Le rachat d’Eclair inquiète
par Nicole VulserLe Monde, 23 décembre 2007
Le cinéma français comptait deux grands laboratoires de développement des films, LTC et Eclair. Il n’en restera plus qu’un, ce qui n’est pas sans susciter des inquiétudes chez les producteurs et les industriels du cinéma, mais aussi au ministère de la culture. Le détenteur de ce nouveau monopole est le producteur franco-tunisien Tarak Ben Ammar, déjà propriétaire de LTC et qui vient de s’offrir son concurrent, Eclair, une entreprise centenaire (Le Monde du 21 décembre).
Il échange notamment avec le fonds d’investissement ETMF2 les 57 % qui lui manquaient au sein d’Eclair contre, entre autres, le pôle Télétota (prestations de services audiovisuels).
Le producteur – qui avait suscité une polémique en distribuant La Passion du Christ de Mel Gibson dans l’Hexagone – détient également, au sein d’un groupe très endetté, Quinta Industries, de nombreuses autres sociétés dont les plus connues sont Duran (postproduction) et Duboi (effets spéciaux).
Pour cet homme d’affaires lié à Silvio Berlusconi, cette restructuration majeure dans les industries techniques du cinéma s’inscrit dans l’intention plus vaste de contrer en Europe l’hégémonie des majors américaines. Les lucratives activités audiovisuelles de Tarak Ben Ammar en Italie viennent en effet de lui permettre d’acheter, à parité avec le financier Goldmann Sachs, des sociétés de distribution dans toute l’Europe pour constituer un nouveau réseau. Baptisé Alliance Film Europe, celui-ci est présent en France, avec Quinta Distribution, mais aussi en Italie, en Grande-Bretagne, en Espagne et en Scandinavie.
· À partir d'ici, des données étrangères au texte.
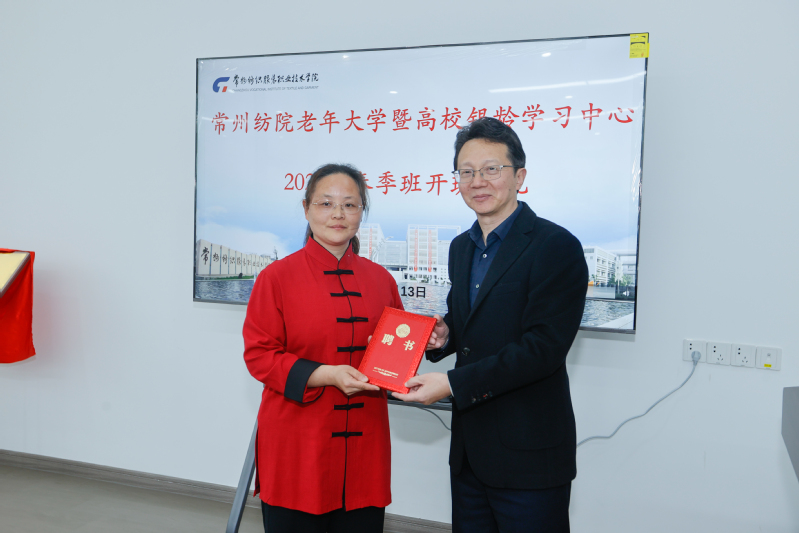 典礼开始,张文明代表学校致欢迎辞,从前期规划调研、建设论证讨论、学校改造建设、课程设置研讨、社区宣传推广等方面回顾了我校老年大学的前期筹备情况。丁皓处长代表常州市教育局宣读《关于成立常州纺院老年大学的批复文件》,丁皓处长在宣读批文时强调:支持高校开办老年大学,是常州市推进老年教育高质量发展的重要举措。会议在轻快的音乐声中迎来重要时刻,教育局俞群祥副局长与洪霄校长共同为常州纺院老年大学揭牌,随着红绸缓缓落下,“常州纺院老年大学”金色牌匾正式亮相。一份批文,一份责任;一份认可,一份使命!相信在常州市教育局的指导下,学校的坚强领导下和社会各界的关心下,常州纺院老年大学定会越办越好。

Toutefois, les laboratoires traversent actuellement une période difficile, marquée par le futur passage des salles au numérique et la fin prévisible du tirage des copies. A court terme, la fusion de LTC et Eclair semble inévitable. Cette opération mettra fin au dumping tarifaire – dans le tirage des copies – auquel se livraient, à la plus grande satisfaction des producteurs, les deux laboratoires. M. Ben Ammar estime à 30 millions d’euros les impayés laissés dans la filière depuis cinq ans par les producteurs, petits ou gros.
Position monopolistique
Le rapport de Pierre Couveinhes sur les industries techniques du cinéma relevait dès 2002 « des pratiques financières qui fragilisaient les laboratoires », pointaient les délais de paiement supérieurs à six mois et les impayés des producteurs. Il recommandait, comme Dominique Rancurel, gérant du fonds ETMF2, « des concentrations pour que le marché redevienne compétitif ».
La reprise d’Eclair suscite cependant de graves inquiétudes. Christine Albanel, ministre de la culture s’est émue mercredi 19 décembre de cette « opération de concentration ». La société civile des auteurs réalisateurs producteurs (ARP), la société des auteurs et compositeurs dramatiques (SACD) et la société des réalisateurs de films (SRF) redoutent « un démantèlement du groupe Eclair » et seront extrêmement attentives « aux conséquences sociales ». M. Ben Ammar réplique qu’il avait repris LTC au bord de la faillite : « Sans moi, il n’y aurait déjà plus qu’un seul laboratoire en France. Soit je laissais Eclair, très déficitaire, aller dans le mur, soit je le rapprochais de LTC pour être plus fort et mieux négocier le prix de la pellicule. »
L’ARP, la SACD et la SRF redoutent que la position monopolistique du nouveau groupe ne soit attaquée à Bruxelles, ce qui risquerait de mettre en cause le système français d’aide au cinéma. Elles craignent que le socle du fonds de soutien français ne soit mis à mal. « Dans la mesure où nous ne touchons aucune subvention, nous n’avons rien à craindre », rétorque M. Ben Ammar.
Cette opération relance les spéculations sur le rôle à venir de Technicolor (filiale de Thomson), qui détient 17,5 % de Quinta Communication, le holding de M. Ben Ammar. Dans la mesure où la France reste l’un des rares pays à échapper à l’hégémonie de Technicolor, cette dernière pourrait être naturellement tentée de mettre la main sur le nouveau groupe Eclair. Une hypothèse balayée par M. Ben Ammar, qui « n’a pas l’intention de céder quoi que ce soit dans le groupe cinématographique qu’il construit de A à Z, des industries techniques à la production et la distribution ».